Climate

UK’s greenworkx takes aim at the domestic retrofit skills challenge

Comment

Greenworkx team
Image Credits: Virginia Rowe under a license.

Steering humanity out of the climate crisis demands action in a very literal way. Boots on the ground, people rolling up sleeves and getting hands dirty retrofitting existing infrastructure, such as poorly insulated houses, type stuff. The goal is to re-make our built environment to be energy efficient and drive down carbon emissions ASAP. So we really need lots and lots more skilled tradespeople — fast. Aka, the kind of multifaceted, hands-on skills that technologists haven’t figured out how to automate yet.

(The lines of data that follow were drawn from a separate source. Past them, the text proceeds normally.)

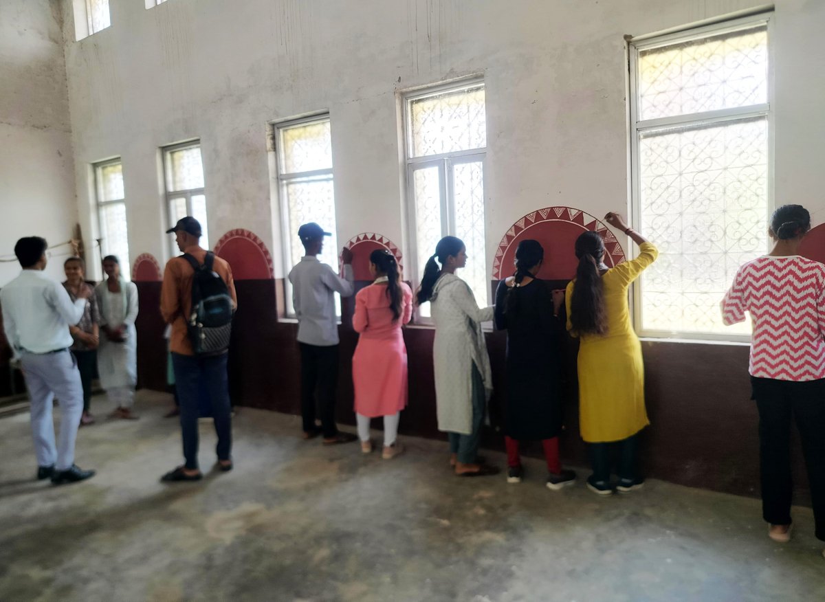 आज दिनांक- 01 जुलाई 2025 को गाॅंधी शताब्दी स्मारक स्नातकोत्तर महाविद्यालय, कोयलसा आजमगढ़ में "रमाशंकर सिंह सेवा ट्रस्ट" के संयुक्त तत्वावधान में आयोजित सृजन "लोक चित्रकला कार्यशाला" में महाविद्यालय के छात्र व छात्राओं ने भारत की सांस्कृतिक विरासत को इस कार्यक्रम की विशेषज्ञ प्रो.जूही शुक्ला जी के मार्गदर्शन एवं डॉ. राम कुमार मौर्य (भूगोल विभाग), के निर्देशन में दिवाल चित्रकारिता को बड़े ही उत्साह पूर्वक प्रस्तुत किया, तथा सभी छात्र व छात्राओं को लोक चित्रकला कार्यशाला का प्रमाण -पत्र भी वितरित किया गया। इस कार्यक्रम में डॉ. स्वस्तिक सिंह प्राचार्य, डा. अर्चना सिंह जी, डॉ.तृप्ति सिंह, डॉ. नासरीन आरा, डॉ.शकुंतला मिश्रा, एवं कविता पटेल जी आदि सभी सम्मानित जन उपस्थित थे।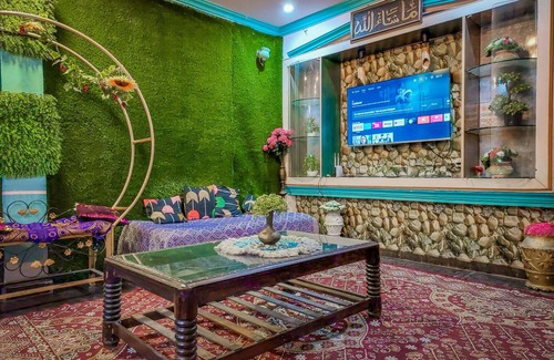 Our spacious living room is designed for relaxation and entertainment, equipped with a 55-inch 4K TV and a fun carrom board. Additionally, we provide a single bed and a king-size mattress for your sleeping arrangements.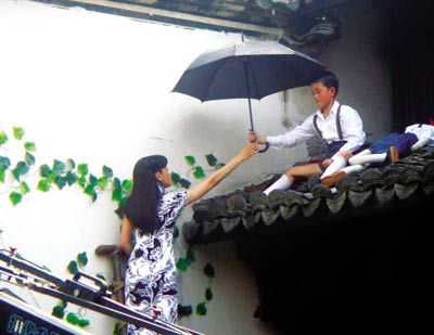 昨日的一場戲,是秦嵐和劇中的兒子吳磊拍對手戲。由于天氣炎熱,秦嵐說雖有洋傘遮陽,但妝還是化得很快。小演員吳磊當天很是不適,拍到最后竟然中暑,又吐又哭,忙壞了劇組的工作人員。按照劇情,秦嵐要從屋頂上往下跳,盡管劇組為她請了替身,但為了追求真實和進度,秦嵐親自上陣,從數(shù)米高的地方往下跳,這場戲總算結(jié)束。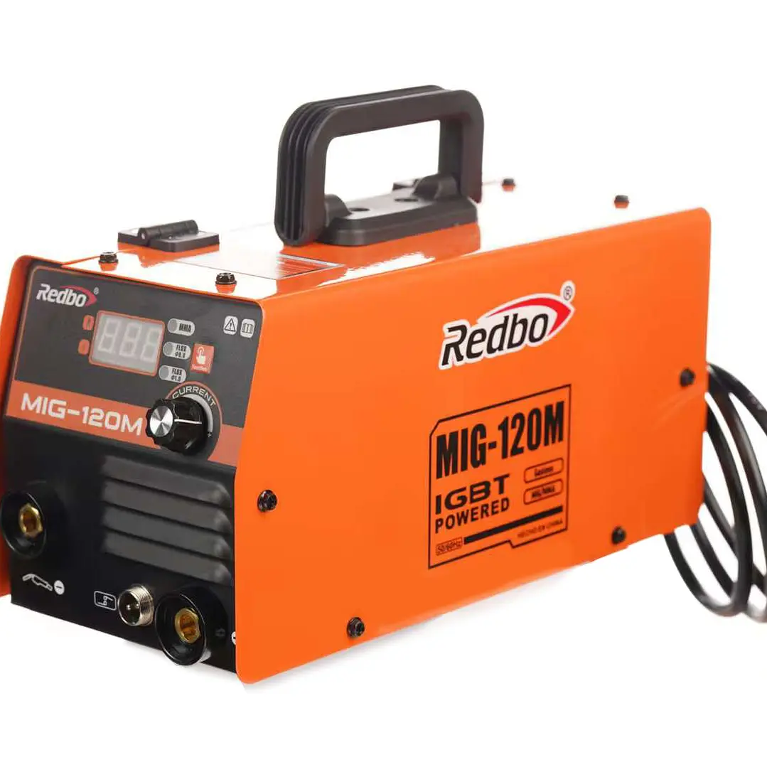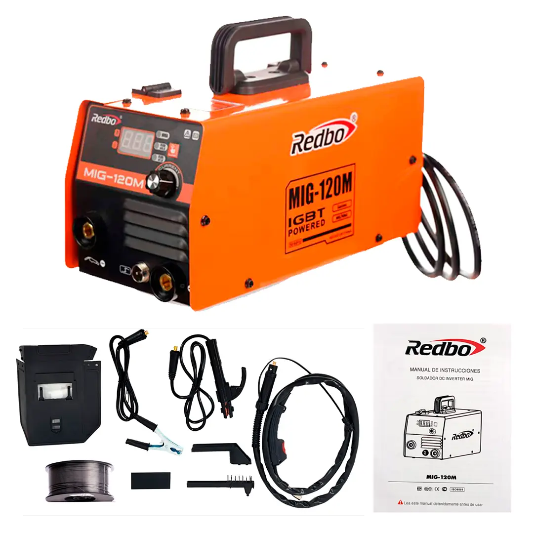 La soldadora Redbo MIG-120M es una máquina profesional semi automática 2 en 1, para soldadura sin gas o por arco manual, ideal para alambres flux. Es compacta y ligera, con display digital para ajustar la corriente. Tras la soldadura, sigue soplando durante unos segundos para una costura más perfecta. Ofrece máxima profundidad de soldadura y regulación de un solo comando para una operación eficiente. Con un factor de potencia de 0,73 y tensión en vacío de 55 V, es versátil y eficaz en diversas aplicaciones de soldadura.

Fixing this problem absolutely, therefore, demands human beings. Lots and lots of people to come in, eager and willing to learn new stuff, and take up green retrofitting jobs. So it’s a job discovery problem. And a training/upskilling/reskilling problem. Which means digital technology can of course help. And this is where a U.K. edtech startup founded last year, called greenworkx, is angling to step in — with a new spot of supportive construction: A digital pathway designed to boost the flow of skilled workers into green jobs.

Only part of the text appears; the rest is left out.